Vision without execution

Constraint

No live AI evaluation medium

Risk

Design theater at company scale

Vision moved faster than execution. There was no live AI evaluation medium, no shared way to test ideas with real users, and no technical path from concept to product. As a result, leadership discussions turned into design theater at company scale, where promising AI ideas accumulated without any system capable of shipping them.

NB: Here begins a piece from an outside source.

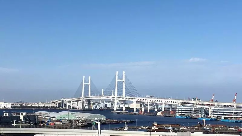 丘の上の展望台から見えるのは横浜ベイブリッジと横浜港。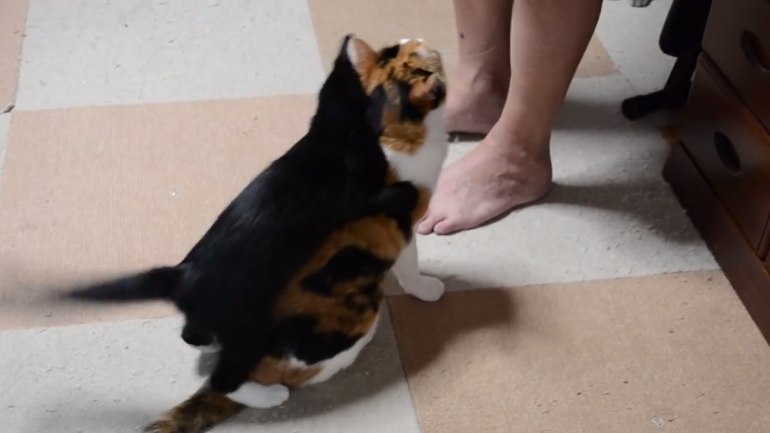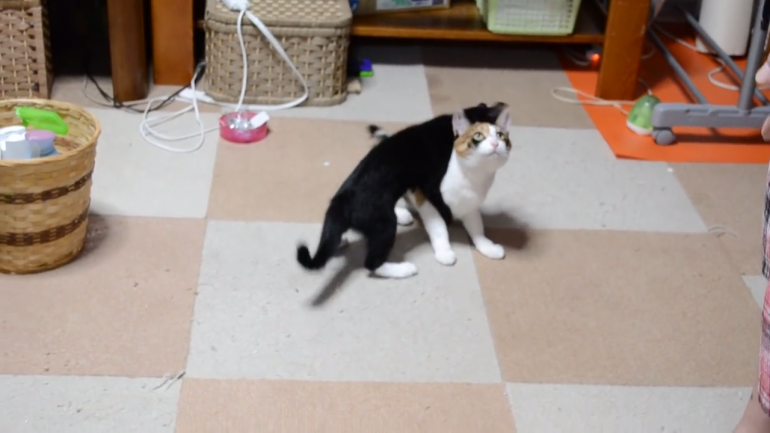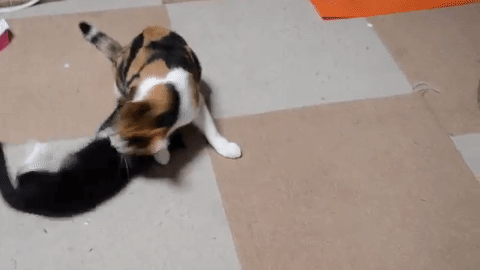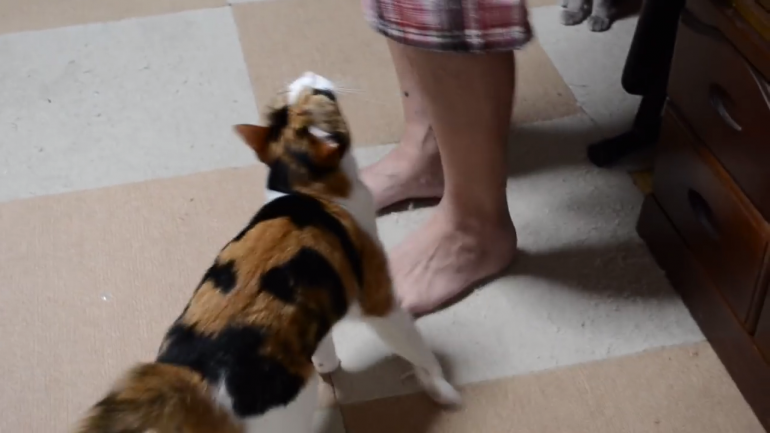 飼い主さんに抱っこしてほしいミミちゃんと、ミミちゃんに遊んでほしそうなソックスちゃん。

A custom-built AI prototyping system runs alongside live code during early concept work at Hinge headquarters in New York. The setup reflects a period before widely available AI prototyping tools, when building bespoke infrastructure was necessary to make AI concepts tangible enough to evaluate, test, and debate responsibly.
An AI-powered onboarding concept runs on a mobile prototype during the AI Vision Sprint at Hinge headquarters in New York. The work marks the first time real AI systems were used to visualize how dater input could shape onboarding flows and recommendation feeds, moving AI exploration from theory into a live, testable experience.

The Climax

Action

Build live AI systems

Mechanism

Develop OpenAI endpoints + internal Hinge API

Shift

Vision → use

I decided AI work would only matter if it could run end to end in a real product environment. I built live AI infrastructure with OpenAI-backed endpoints and an internal Hinge API, closing the gap between prototype and production.

During the AI Vision Sprint, I shifted the focus from concepts to execution by wiring live AI into design prototypes and ending the sprint with a demo day where ideas were used, not debated. That moment turned Prompt Feedback from speculation into a shipping decision and set the foundation I later carried forward in Labs to build the broader end-to-end AI experience.

A prototype profile built on real dater data runs during the AI Vision Sprint at Hinge headquarters in New York. The internal AI API, developed in partnership with engineering, allows concepts to be tested in live product conditions, marking a shift from speculative decks to experiences the company could evaluate and trust.
The Prompt Feedback feature appears in a live profile-editing flow at Hinge headquarters in New York. After the AI Vision Sprint, I took responsibility for ensuring the ideas shipped, working with the Identity team to deliver the feature by authoring the prompts, designing the interactions, and advocating for animation through successive iterations.
A highlight reel from Hinge Labs aligns teams around an end-to-end AI experience ahead of the Labs Science Fair in New York, NY. After the AI Vision Sprint, I carried the remaining vision into Labs and built it end to end, extending the work beyond the original strategy through co-creation with daters, a redesigned landing experience, the company’s first real voice onboarding, a long-debated WYSIWYG editor, AI-generated summaries and reflections, and “Vibes,” Hinge’s first AI-native dating primitive that shifted dating from browsing profiles to learning about yourself.

Details

Genre

0→1 Product + Platform Creation

Audience
  • Design Leaders
  • Product Leaders
  • Engineering Leaders
  • Organizations facing an inability to execute vision
Tagline

“Vision doesn’t fail. Execution does.”